Vietato diffondere i comunicati e dichiarazioni di Amnesty International e Human Rights Watch. Vietato anche diffondere senza il consenso del governo centrale report internazionali o dossier come quello della Anti-defamation League – che dà conto del crescente antisemitismo in Ungheria, Polonia e Ucraina – o quello dell’Onu sul trattamento riservato ai figli dei migranti. Silenzio anche sulle proteste in Russia, i preti pedofili, la democrazia e libertà dei media. Succede nell’Ungheria di Viktor Orban, che dalla sua elezione nel 2010 ha progressivamente ridotto la libertà di stampa di giornali, tv e radio, fino ad arrivare alla censura deliberata dalla sua maggioranza.

Il 1 dicembre il quotidiano magiaro Nepszava ha dato conto del divieto stabilito dall’agenzia stampa ufficiale ungherese Mtva, controllata dal governo, di dare voce ad Amnesty e Hrw. “È inaccettabile e indegno di uno stato membro dell’Unione Europea”, ha affermato Hugh Williamson, direttore di Hrw per l’Europa e l’Asia centrale. “Si tratta – ha aggiunto – di un nuovo passo del governo ungherese contro la libertà di stampa, con l’obiettivo di mettere a tacere le organizzazioni della società civile e interferire nel loro impegno vitale”. La censura delle “vitali” informazioni diffuse dalle Ong che tutelano i diritti umani è “uno scandalo”, ha detto dal canto suo David Vig, direttore di Amnesty in Ungheria. Per Vig si tratta di “un nuovo colpo alla libertà dei media e un’ulteriore restrizione alle attività delle organizzazioni non governative in Ungheria. Il governo nega deliberatamente alle persone in Ungheria l’accesso a informazioni vitali agli abusi dei diritti umani in Ungheria e nel resto del mondo”. Budapest, peraltro, è da tempo nel mirino dell’Unione europea per le violazioni dello stato di diritto.

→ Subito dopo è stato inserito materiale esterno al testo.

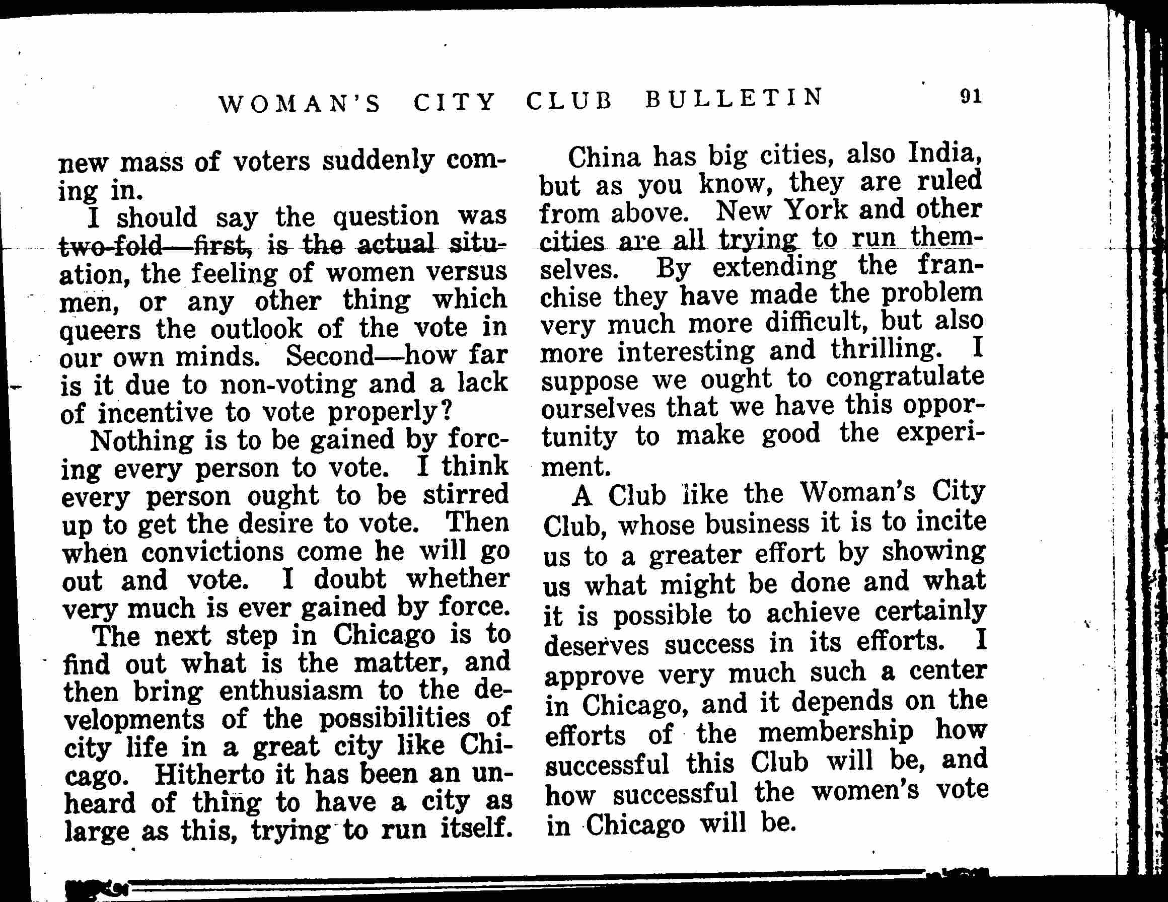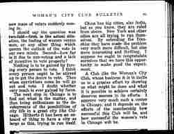 A Club like the Woman's City Club, whose business it is to incite us to a greater effort by showing us what might be done and what it is possible to achieve certainly deserves success in its efforts. I approve very much such a center in Chicago, and it depends on the efforts of the membership how successful this Club will be, and how successful the women's vote in Chicago will be.
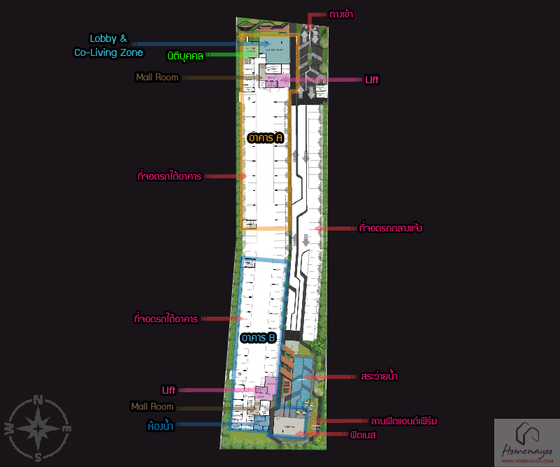 Master Plan โครงการเริ่มจากด้านหน้าทางเข้าติดกับซอยสุขุมวิท 101/1 ผ่านเข้ามาจะเจอป้อมยามมีไม้กระดก ผ่านเข้ามาจะเป็นส่วนของอาคาร A ด้านในพื้นที่โครงการจะเป็นอาคาร B ที่จอดรถจะมีแบบจอดกลางแจ้ง และจอดใต้อาคาร ทั้งโครงการจอดได้ 106 คัน หรือคิดเป็น 32% ไม่รวมซ้อนคัน ตรงอาคาร A ที่ชั้น 1 จะเป็นส่วน Lobby & Co-Living Zone ติดกันเป็นห้องนิติบุคคล และห้อง Mail Room มีลิฟต์โดยสาร 2 ตัว ที่อาคาร B จะมี Lobby แยกส่วน Mail Room มีลิฟต์โดยสาร 2 ตัว ฝั่งทิศตะวันออกจะมีห้องฟิตเนส สระว่ายน้ำกลางแจ้ง และลานฟิตแอนด์เฟิร์ม

L’arrivo al potere di Orban è coinciso con la stretta ai media: a FqMillennium Barbara Trionfi, direttore esecutivo dell’International Press Institute, aveva infatti confermato che “è dal 2010 che la situazione sta degenerando, ma l’Europa non se n’è resa conto. Sono stati introdotti cambi molto graduali, difficili da percepire. Per Bruxelles era complicato fare barricate perché alcuni dei nuovi elementi introdotti, dal reato della diffamazione a mezzo stampa fino al carcere per i giornalisti, sono presenti anche in altri Paesi Ue”. Da allora sono stati tanti i media spariti da un giorno all’altro o comprati da uomini vicino a Orbán, che ne hanno poi stravolto la linea editoriale, trasformandoli in megafoni del governo. 2016: chiuso Népszabadság, uno degli ultimi giornali di sinistra, dopo essere stato comprato da investitori collegati a Fidesz. Due anni dopo, con la vittoria a valanga di Orbán, il prestigioso quotidiano conservatore Magyar Nemzet è stato prima chiuso poi rilanciato nella nuova veste filogovernativa. Chiuso anche Válasz, il settimanale conservatore più popolare e da sempre critico nei confronti del governo. Klubrádió, la principale radio indipendente sopravvissuta, si può sentire solo su internet e a Budapest perché depredata delle frequenze nelle zone rurali. Una strategia non lontana da quella della Polonia, precipitata nelle classifiche della libertà di stampa dal 2015, da quando il partito Diritto e giustizia (Pis) del suo padre e padrone Jaroslaw Kaczynski arriva al potere.